A number of methods are available in the signal class to
smooth the modeling code and give it more of a feel of HDL code.
Note that behavioral models must be prototyped as a derived
class using model_base as the base
class thus:
This will usually appear in a corresponding .h header file.
Behavioral Modeling Key Functions
| getpars() |
getpars is a public member of
model_base and hence is available to every behavioral model. It's main function is to hide the complexity of
connecting and typing signals from the model
writer.getpars has the form:
getpars(sigParamString,modelNameString
[,sigRef,sigType,sigDir]);
where:
- sigParamString is
a null terminated string which holds a white
space and/or comma seperated list of ordered
IO signals. Usually this character array is
simply passed down from the constructor of
the model class which is usually on the line
above.
The order of the signals is significant. It
represents the call order that must be used
when instantiating the model in a netlist or
macro.
- modelNameString is a const null terminated character
array which give a text name for this behavioral model.By convention (and to
prevent confusion) this must have the same
name as to model class. (LPF in the example
above).
- [,sigRef, sigType, sigDir].
For each signal which appears in the sigParamString
a set of three parameters must be
defined:
sigRef is a C reference to sig pointer type.
From the above example the sig pointer is
declared with the statement sig *ck; and is connected
to the ordered named signal by means of the
reference &ck.
sigType is the
basic type of the signal. Currently available
types are SIG_LOGIC (or SL), SIG_REAL (or
SR), SIG_INT (or SI), and SIG_BUS. See above.

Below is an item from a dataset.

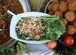 From the coconut comes coconut milk, used both in curries and desserts, and coconut oil.[49] The juice of a green coconut can be served as a drink and the young flesh is eaten in either sweet or savory dishes. The grated flesh of a mature coconut is used raw or toasted in sweets, salads and snacks such as miang kham.[50] Thais not only consume products derived from the nut (actually a drupe), but they also make use of the growth bud of the palm tree as a vegetable. From the stalk of the flowers comes a sap that can be used to make coconut vinegar, alcoholic beverages, and sugar. Coconut milk and other coconut-derived ingredients feature heavily in the cuisines of central and southern Thailand. In contrast to these regions, coconut palms do not grow as well in northern and northeastern Thailand, where in wintertime the temperatures are lower and where there is a dry season that can last five to six months. In northern Thai cuisine, only a few dishes, most notably the noodle soup khao soi, use coconut milk. In the southern parts of northeastern Thailand, where the region borders Cambodia, one can again find dishes containing coconut. It is also here that the people eat non-glutinous rice, just as in central and southern Thailand, and not glutinous rice as they do in northern Thailand and in the rest of northeastern Thailand.[51]
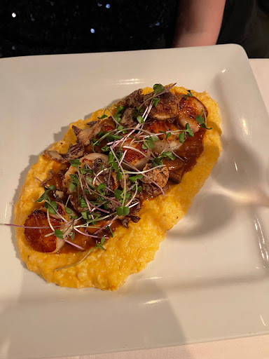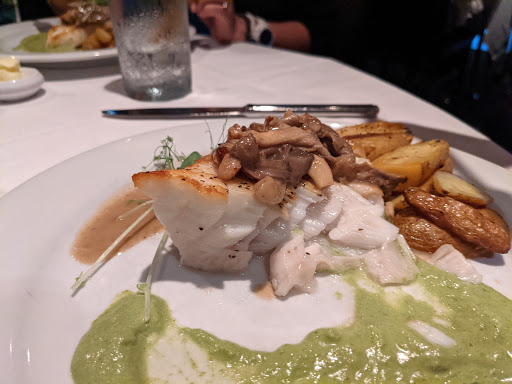 Fantastic restaurant!! We had the crab cakes and the clam cowder to start. The crab cakes are perfectly crisp and delicious, while the chowder was incredible and super creamy! Then we had the salmon and the hazelnut crusted fish. The salmon was perfectly cooked! The potatoes and asparagus were superb as well! My wife loved the peach salsa and the hazelnut crusted fish too! Then to top it off the gave us a complementary coffee cake that was wonderful! The sevice was excelent, very polite staff that constantly checked on how we were doing. Definitely recommend!!!

Currently only SIG_LOGIC and SIG_REAL are
fully implemented.
sigDir is a
constant character which represents the
directional and triggering characteristics of
the signal. Currently supported values
include:
- 'I'
: (upper case I) an input signal. The
upper case indicates that this is an
input signal which, when it changes
externally to the model will trigger
a call to func().
- 'O'
: an output signal.func() is not
called when this signal is changed.
- 'i'
: (lower case i) an input signal not
triggering a call to func() when it
changes.
- 'B'
: (upper case B) is a bidirectional
signal which does trigger a call to
func() when it changes. Note in the
case when the model drives (queues)
this signal a call back to the func()
will result from func() changing this
signal. Hence the bidirectional
signal can be used to model an
oscillator.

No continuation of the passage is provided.